#### What you are asked to do:
Output the data below exactly, images excluded.

#### Supplied material:

———

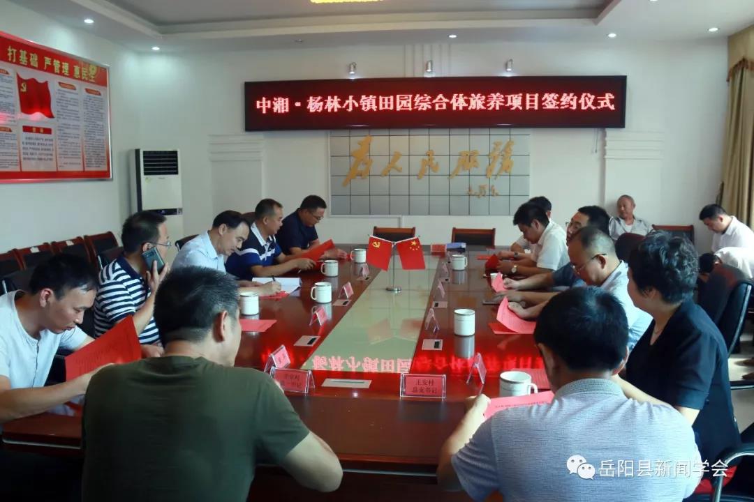 清风网讯(胡为 许萍)9月17日上午,中湘•杨林小镇田园综合体旅养项目签约仪式在岳阳县杨林乡政府隆重举行,岳阳县委常委、县委办主任易新岳出席签约仪式并发表讲话,县贸促会会长彭华,杨林小镇项目董事长胡志亮,中湘集团董事长、杨林小镇董事张浩琳,长沙善道生物总经理鲍嵘,杨林小镇项目副总经理王学琳等出席签约仪式。
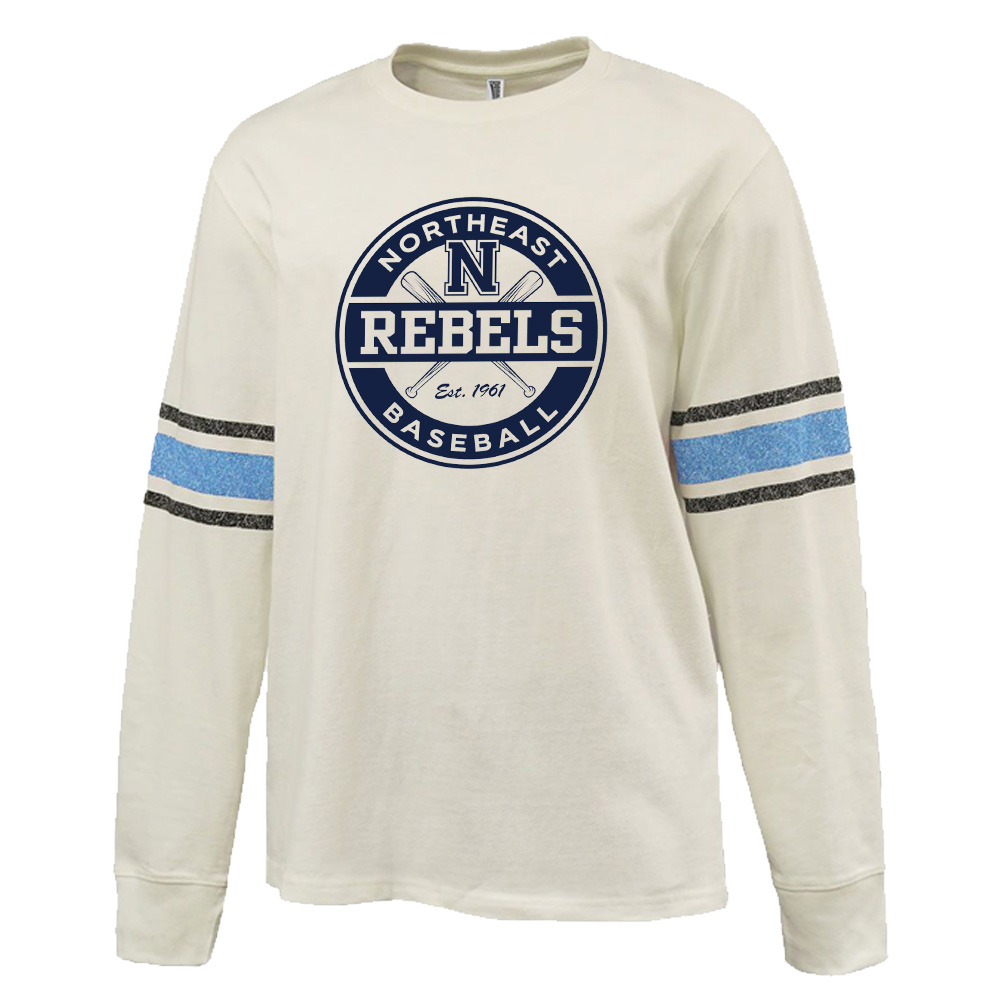 Rebels Baseball Pennant HEAVYWEIGHT 8.0 oz. antique white cotton jersey archive-style printed sleeve stripe-Navy/Black
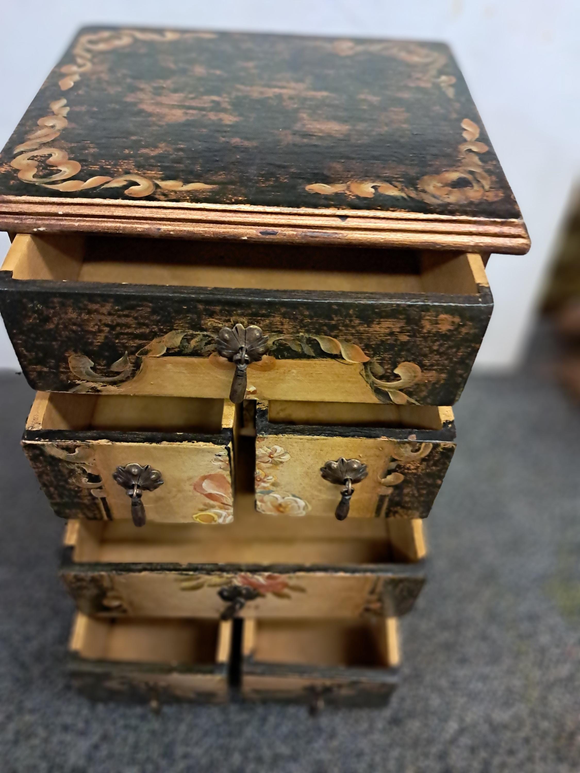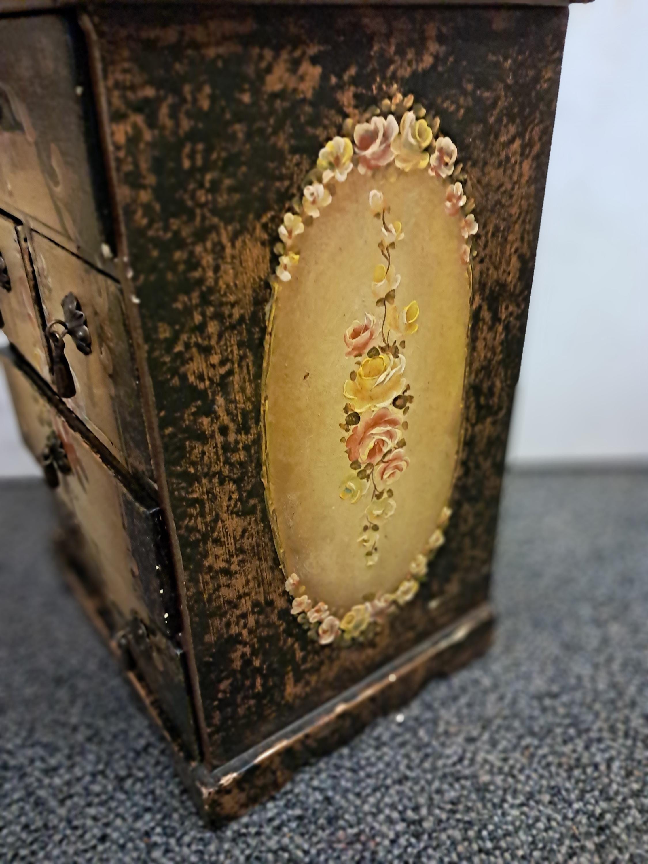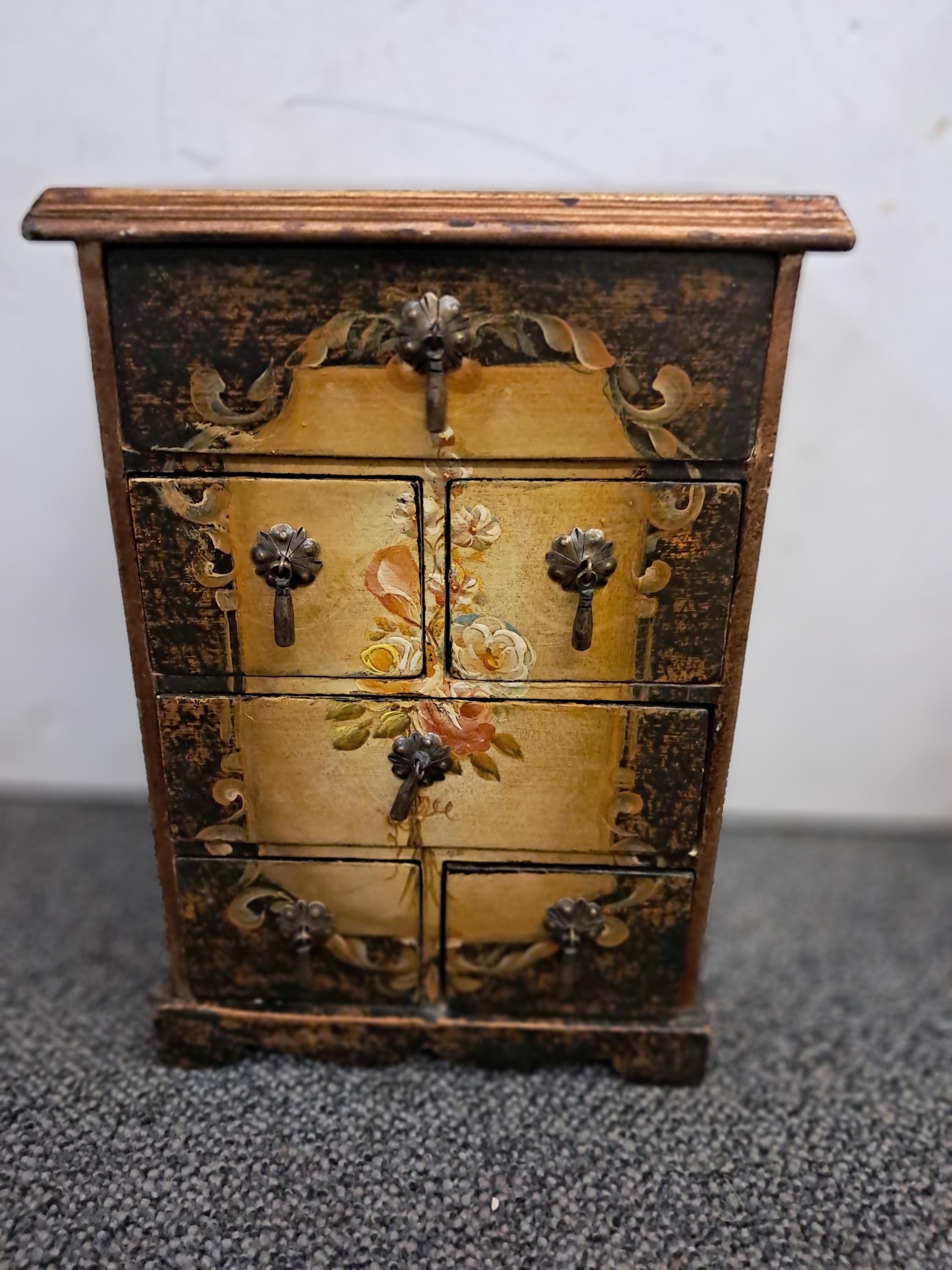 Gorgeous gilded Brown and Beige coloring. There are 6 drawers that all create a floral painting .
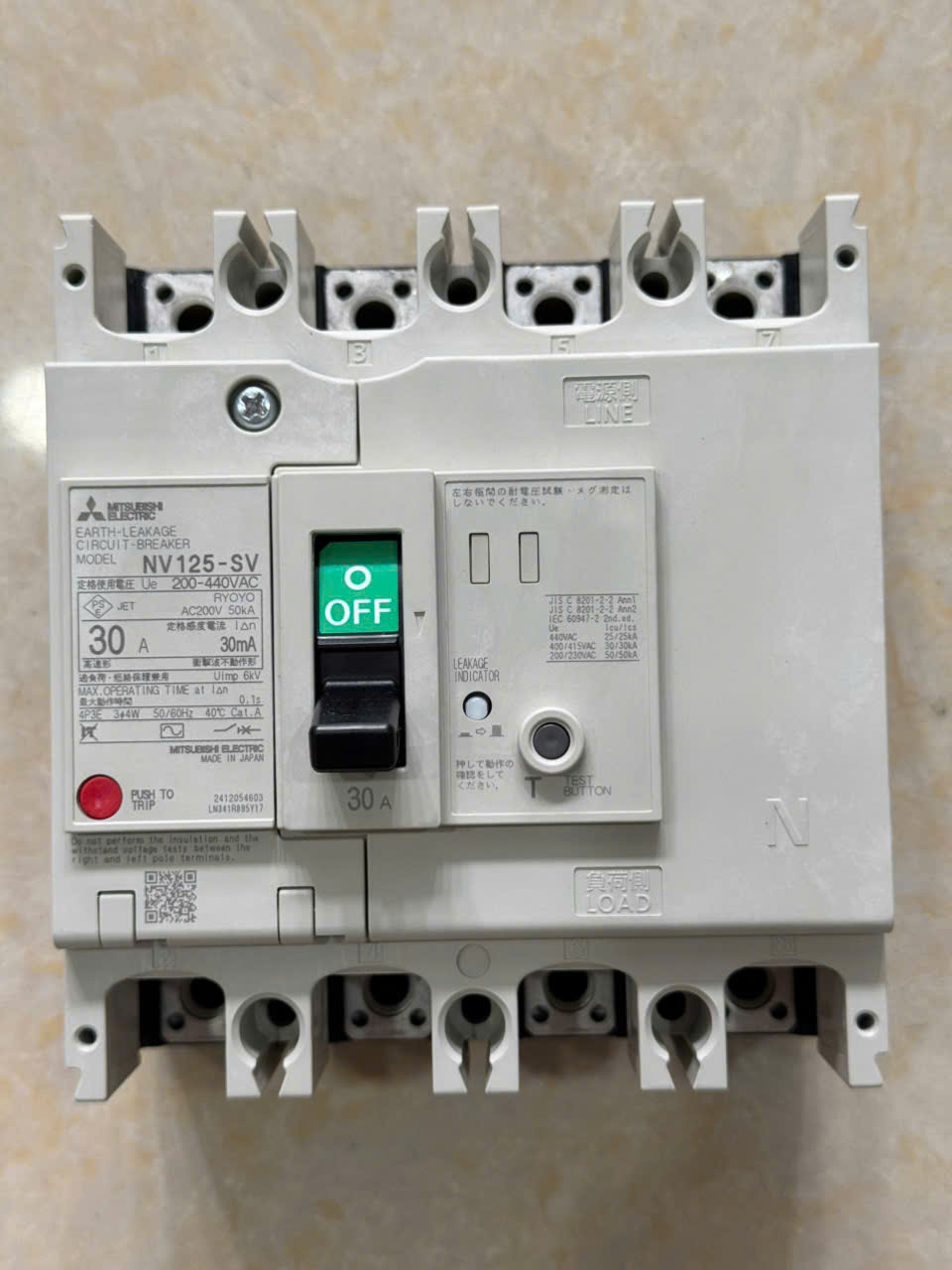 12 ThángELCB MITSUBISHI NV125-SV 4P 30A 30kA 30mA hoặc 1.2.500mA

———

#### Result of the exercise:
 清风网讯(胡为 许萍)9月17日上午,中湘•杨林小镇田园综合体旅养项目签约仪式在岳阳县杨林乡政府隆重举行,岳阳县委常委、县委办主任易新岳出席签约仪式并发表讲话,县贸促会会长彭华,杨林小镇项目董事长胡志亮,中湘集团董事长、杨林小镇董事张浩琳,长沙善道生物总经理鲍嵘,杨林小镇项目副总经理王学琳等出席签约仪式。
 Rebels Baseball Pennant HEAVYWEIGHT 8.0 oz. antique white cotton jersey archive-style printed sleeve stripe-Navy/Black
 Gorgeous gilded Brown and Beige coloring. There are 6 drawers that all create a floral painting .
 12 ThángELCB MITSUBISHI NV125-SV 4P 30A 30kA 30mA hoặc 1.2.500mA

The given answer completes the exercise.